Pengawal itu mengarahkan senjatanya pada Raka, memberikan isyarat untuk duduk. Akan tetapi, Raka tidak menurutinya. Mengangkat kedua tangannya, pemuda itu tetap berdiri. Ia berjalan ke tengah lorong bahkan, memikirkan cara bagaimana bisa mengelabui atau melawan kedua pengawal bertubuh besar.

"Lebih baik kau tetap duduk di sana, Nak," si pria berpenampilan necis menghentakkan Nova yang sudah mulai berkaca-kaca, "Bukan saatnya kau sok-sokan menjadi pahlawan seperti itu."

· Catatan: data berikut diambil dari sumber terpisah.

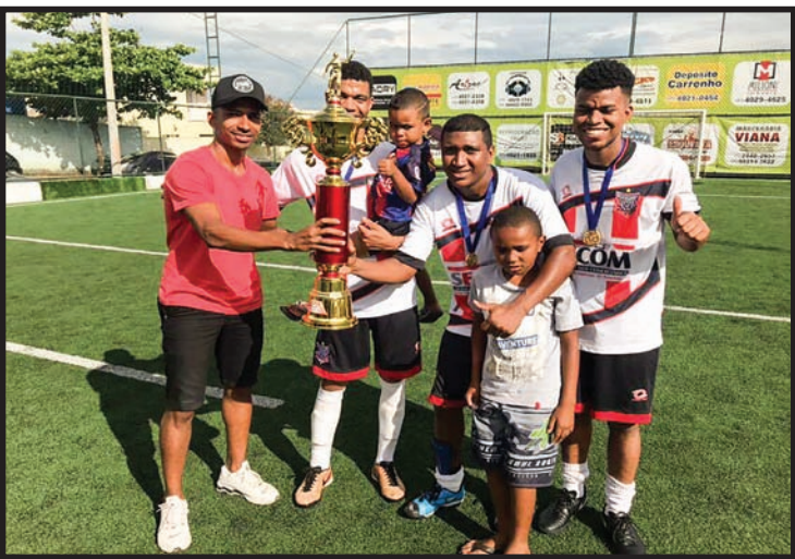
Comemoração do 1º lugar: Altena

Gadis itu menatap Raka takut. Ia menggelengkan kepala perlahan. Kerongkongan Raka terasa kering. Luke di ujung gerbong menunjukkan batang hidungnya dengan senjata yang sudah ia siapkan.

"Tapi, aku enggak bisa membiarkan seorang gadis menangis dan ketakutan seperti itu, tahu?"

Pintu gerbong terbuka, Luke menembakkan pelurunya pada jendela kereta. Suara lontarannya mengejutkan semua orang. Pria necis itu sontak menoleh, melepaskan cengkramannya rambut Nova. Meraih gadis itu, Kres memposisikannya di belakang tubuh; melindunginya. Kedua pengawal mengarahkan senjatanya pada Luke.

Momentum yang begitu sempit adalah satu-satunya kesempatan Raka menjegal si pengawal. Melihat sosok Luke di balik pintu, Raka tahu apa yang akan pria botak itu lakukan. Raka mengambil langkah lebar, menghunuskan belati dari pinggangnya dan menyayat paha pengawal terdekat.

Pria itu bergeming, mengalihkan tatapannya pada Raka. Tak ada darah; sayatan itu hanya menyobek sedikit seragam si pengawal. Si pengawal sudah mengarahkan popor senjatanya pada kepala Raka namun dia kalah gesit. Tanpa pikir panjang Raka menusukkan belatinya di tempat yang sama, menghasilkan raungan mengerikan dari sosok itu.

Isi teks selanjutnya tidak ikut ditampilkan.